We need this tibble to be long rather than wide to by tidy. We can use pivot_longer
from tidyr
.
tbl_met %>%
separate(Culture, c("culture", "dose_mg"), sep = " dose:") %>%
mutate(dose_mg = str_remove(dose_mg, "mg")) %>%
mutate(dose_mg = as.numeric(dose_mg)) %>%
pivot_longer(cols = 3:22, names_to = "metabolite_time", values_to = "abundance")
## # A tibble: 180 × 4
## culture dose_mg metabolite_time abundance
## <chr> <dbl> <chr> <dbl>
## 1 e coli 0 glutamate_Time_0min 191666
## 2 e coli 0 glutamate_Time_10min 2082823
## 3 e coli 0 glutamate_Time_20min 1796910
## 4 e coli 0 glutamate_Time_50min 846402
## 5 e coli 0 glutamate_Time_2hr 1782879
## 6 e coli 0 lysine_Time_0min 1418
## 7 e coli 0 lysine_Time_10min 2004
## 8 e coli 0 lysine_Time_20min 1498
## 9 e coli 0 lysine_Time_50min 1356
## 10 e coli 0 lysine_Time_2hr 962
## # ℹ 170 more rows
Another happy table…but STILL has multiple data encoded in a single column!
tbl_met %>%
separate(Culture, c("culture", "dose_mg"), sep = " dose:") %>%
mutate(dose_mg = str_remove(dose_mg, "mg")) %>%
mutate(dose_mg = as.numeric(dose_mg)) %>%
pivot_longer(cols = 3:22, names_to = "metabolite_time", values_to = "abundance") %>%
separate(metabolite_time, c("metabolite", "time_min"), sep="_")
## # A tibble: 180 × 5
## culture dose_mg metabolite time_min abundance
## <chr> <dbl> <chr> <chr> <dbl>
## 1 e coli 0 glutamate Time 191666
## 2 e coli 0 glutamate Time 2082823
## 3 e coli 0 glutamate Time 1796910
## 4 e coli 0 glutamate Time 846402
## 5 e coli 0 glutamate Time 1782879
## 6 e coli 0 lysine Time 1418
## 7 e coli 0 lysine Time 2004
## 8 e coli 0 lysine Time 1498
## 9 e coli 0 lysine Time 1356
## 10 e coli 0 lysine Time 962
## # ℹ 170 more rows
Almost there, but notice how metabolite_time
has three items when we separate by _
?
glutamate_Time_0min -> glutamate
Time
0min
We only provided two column names, though.

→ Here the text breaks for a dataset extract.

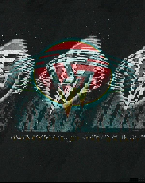 The print sees the Guardians of the Galaxy GG logo in a cool metallic look wrapped around a glowing red planet
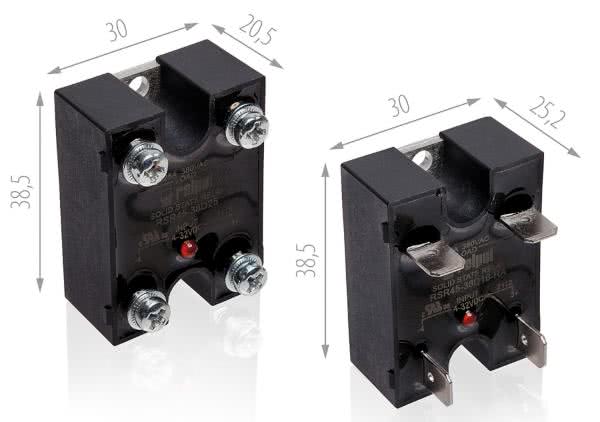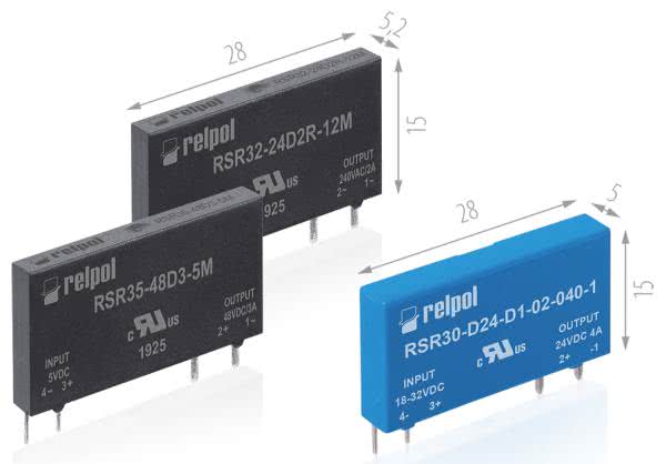 Kolejny model to miniaturowy przekaźnik półprzewodnikowy o szerokości 5 mm i obciążeniu 2 A na wyjściu przy napięciu 240 V AC. Element ten może być sterowany przy pomocy napięć 5, 12 i 24 V DC. W tej grupie wyróżniamy dwa wykonania tego przekaźnika w zależności od sposobu załączania obciążenia: załączanie w zerze lub załączanie w dowolnej chwili.

Perhaps we can rethink our separator.
tbl_met %>%
separate(Culture, c("culture", "dose_mg"), sep = " dose:") %>%
mutate(dose_mg = str_remove(dose_mg, "mg")) %>%
mutate(dose_mg = as.numeric(dose_mg)) %>%
pivot_longer(cols = 3:22, names_to = "metabolite_time", values_to = "abundance") %>%
separate(metabolite_time, c("metabolite", "time_min"), sep="_Time_")
## # A tibble: 180 × 5
## culture dose_mg metabolite time_min abundance
## <chr> <dbl> <chr> <chr> <dbl>
## 1 e coli 0 glutamate 0min 191666
## 2 e coli 0 glutamate 10min 2082823
## 3 e coli 0 glutamate 20min 1796910
## 4 e coli 0 glutamate 50min 846402
## 5 e coli 0 glutamate 2hr 1782879
## 6 e coli 0 lysine 0min 1418
## 7 e coli 0 lysine 10min 2004
## 8 e coli 0 lysine 20min 1498
## 9 e coli 0 lysine 50min 1356
## 10 e coli 0 lysine 2hr 962
## # ℹ 170 more rows
Ok a new problem has appeared: mixed time units in our time_min
column. We have both “min” and “hr”. We need to standardize to understand these as time units. We can mutate
with case_when
, which does specific things conditionally on particular observations in the tibble. This is a dplyr
way of doing if statements. We will also advance it up by doing the “character” to “numeric” conversion in one go!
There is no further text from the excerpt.